Gen Z’s laissez-faire approach to data collection by social media companies stems from the way they perceive the digital world.
Growing up in the Facebook age has led to 89% of Gen Z thinking of social media first when they think about a digital experience. Where previous generations primarily consider the internet for emails and accessing information, Gen Z is driven by social connections.
However, this collection of data has drawn criticism from privacy campaigners.
“In some ways, it is better to think of Facebook and Google not as tech companies, but as if they were oil companies,” said Naughton.
“What they do is they extract data and they refine it and they sell it.”
Naughton believes that, much like oil, consumers have become dependent on digital social experiences.

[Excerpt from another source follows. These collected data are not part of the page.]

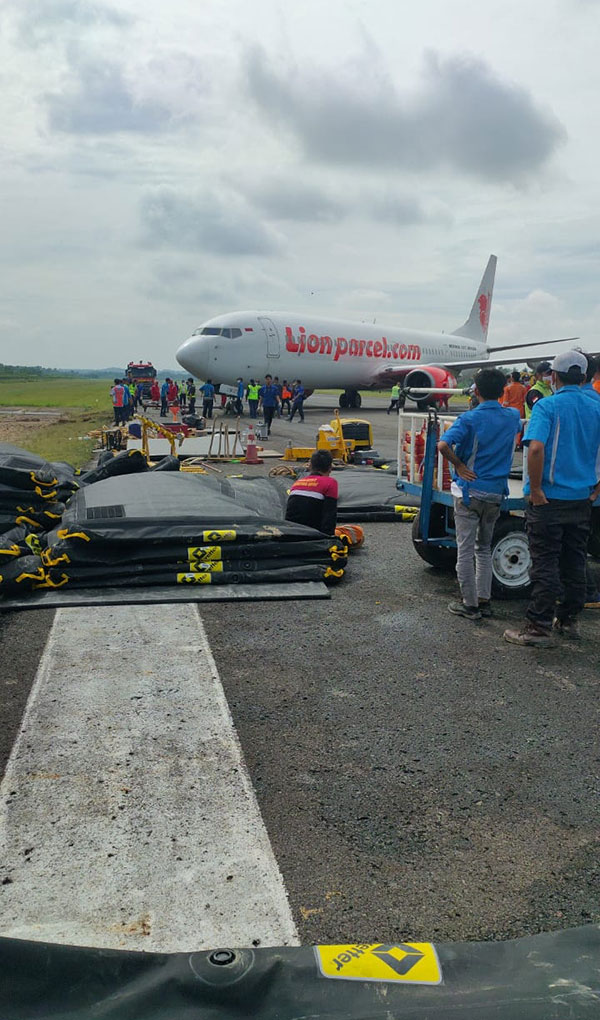 ECONOMIC ZONE - Pesawat Lion Air dengan nomor penerbangan JT 173, tergelincir saat mendarat di Bandara Radin Inten II, Lampung Selatan, Lampung, Minggu (20/12/2020) pukul 14.45 WIB.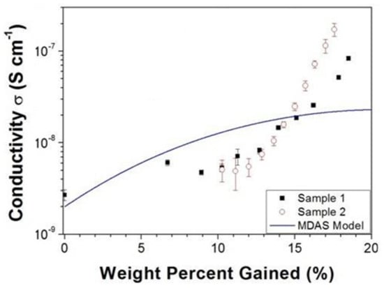 One thing that is interesting about all the observations above, is that melanin’s conductivity in the condensed matter state can be significantly changed depending on its water content (see Figure 10) [77,80,99,106,107,108]. Indeed, the switching behavior of melanin could not be induced in the dry state [107], though recent work suggests that it can (i.e., Figure 9, left) [105]. The need for hydration in obtaining switching behavior has originally led to a model where water is required to increase the dielectric constant of the material, which would narrow the band gap between the semiconductor valence and conduction mobility edges [102,106,107]. This model was tested (see Figure 10) and found to be incompatible with the experimental data [106].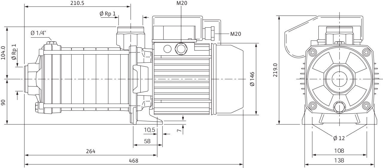 | Номинальный внутренний диаметр патрубков с напорной стороны Rp | 1 |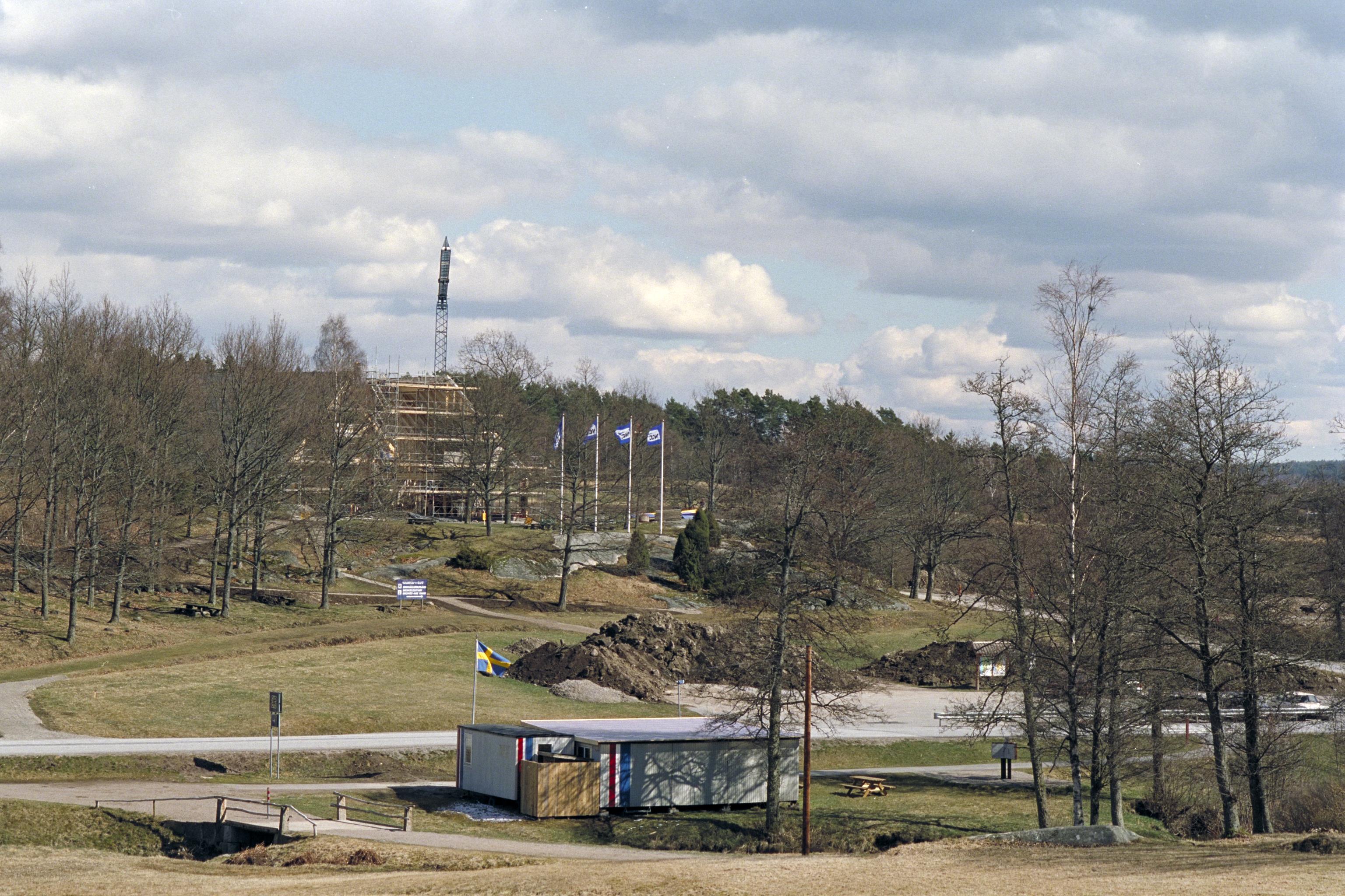 Vy från Vitlyckeristningen mot byggandet av det nya hällristningsmuseet i Tanum, färdigt 1998.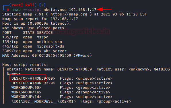 This nmap script attempts to retrieve the target’s NetBIOS names and MAC address. By default, the script displays the name of the computer and the logged-in user; if the verbosity is turned up, it displays all names the system thinks it owns. It also shows the flags that we studied in nmblookup tool.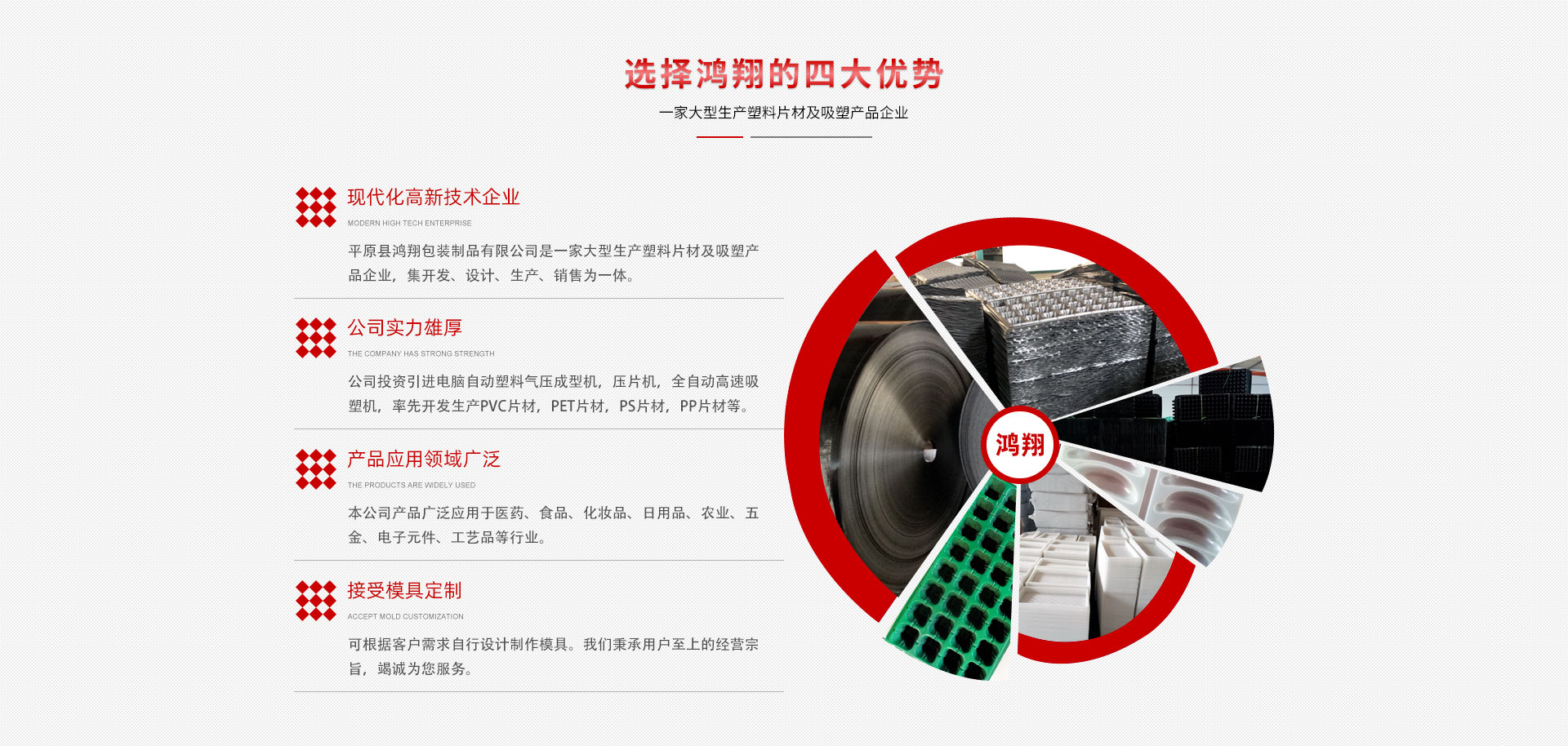 平原縣鴻翔包裝制品有限公司是一家大型生產(chǎn)塑料片材及吸塑產(chǎn)品企業(yè),本公司投資引進(jìn)電腦自動(dòng)塑料氣壓成型機(jī),壓片機(jī),全自動(dòng)高速吸塑機(jī),率先開(kāi)發(fā)生產(chǎn)PVC片材,PET片材,PS片材,PP片材等,鴻翔是國(guó)內(nèi)先進(jìn)的生產(chǎn)廠家之一。本公司產(chǎn)品廣泛應(yīng)用于醫(yī)藥、食品、化妝品、日用品、農(nóng)業(yè)、五金、電子元件、工藝品等行業(yè),也可根據(jù)客戶需求自行設(shè)計(jì)制作模具。本公司技術(shù)力量雄厚,生產(chǎn)設(shè)備工藝先進(jìn)。我們秉承用戶至上的經(jīng)營(yíng)宗旨,竭誠(chéng)為您服務(wù)。
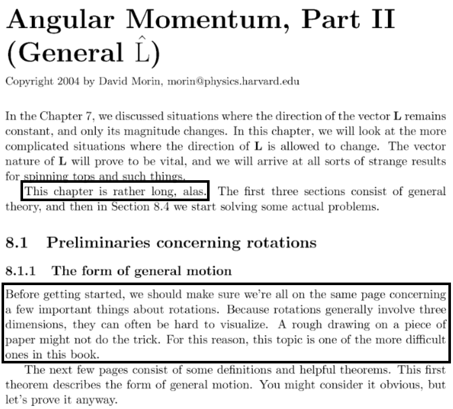 This problem requires rigid body motion problem solving skills. If you still haven’t covered Morin’s Chapter 8, then you should certainly do so. Still, the theory is quite hard to comprehend (even David Morin says so, look at pic below), but make sure you did memorize the derivation of every formula from this chapter and solved all the exercises and problems.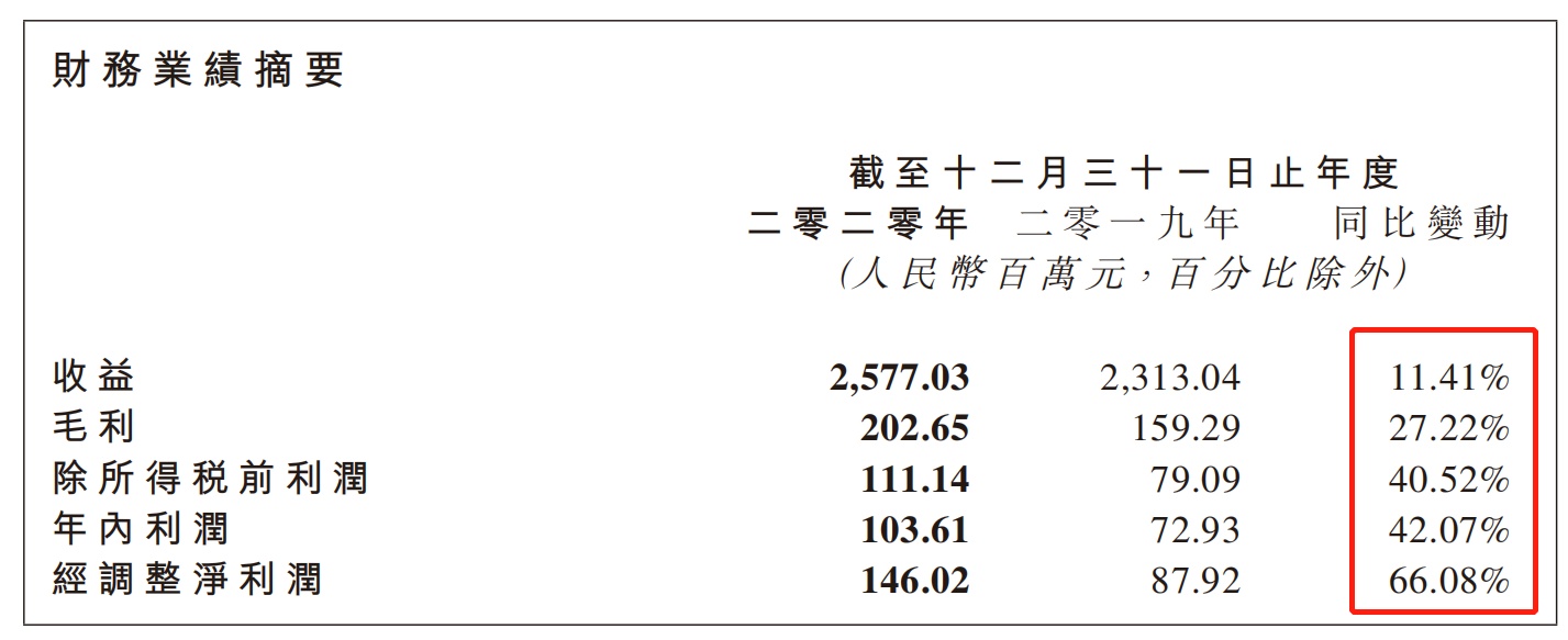 据财报数据显示,2020年,该公司实现总收入为25.77亿元,较2019年同期的23.13亿元增长11.41%;实现净利润为1.04亿元,同比增长42.07%,经调整后净利润则为1.46亿元,同比增长66.08%。

Research suggests that Gen Z are more susceptible to this than their predecessors. Just 22% of Gen Z could only comfortably go less than an hour without accessing the internet.
“There is a serious degree of addiction built into these services,” said Naughton.
Generation Z expects digital personalisation: voice interfaces
Voice assistants such as Siri and Google Home continue to become more widespread. Amazon has sold over 20 million of its Alexa devices, bringing the retailer more closely into the home.
However, voice recognition is far from perfect. Machines struggle to understand things such as context, intonation and slang. And for humans, their common frame of reference is communicating with another human that understands these quirks.
“Users don’t understand what’s going on when they interact through a natural user interface like voice, simply because their expectations are based on the model between a human and a human,” said Luger.
WP Engine’s text-to-speech plugin is giving web pages a voice, translating a web page into different languages and making it available as a podcast. However, Dugan says that a talking web, where an individual can have a two-way interaction with the web using voice alone, is some way off.
“I think right now we’re reactive,” said Dugan. “It can translate, I can ask Siri to tell me something, but it’s a reactive element.”
Failing to make predictions could go some way to explaining why Gen Z are 10% less likely than Boomers and Gen X to believe that voice activation will be used to access the web in five years.
With tech companies collecting data from our spoken conversations as well as our online actions, Naughton says that safeguards must be in place.
“If we don’t have regulation we are going to have real trouble later down the line,” he said.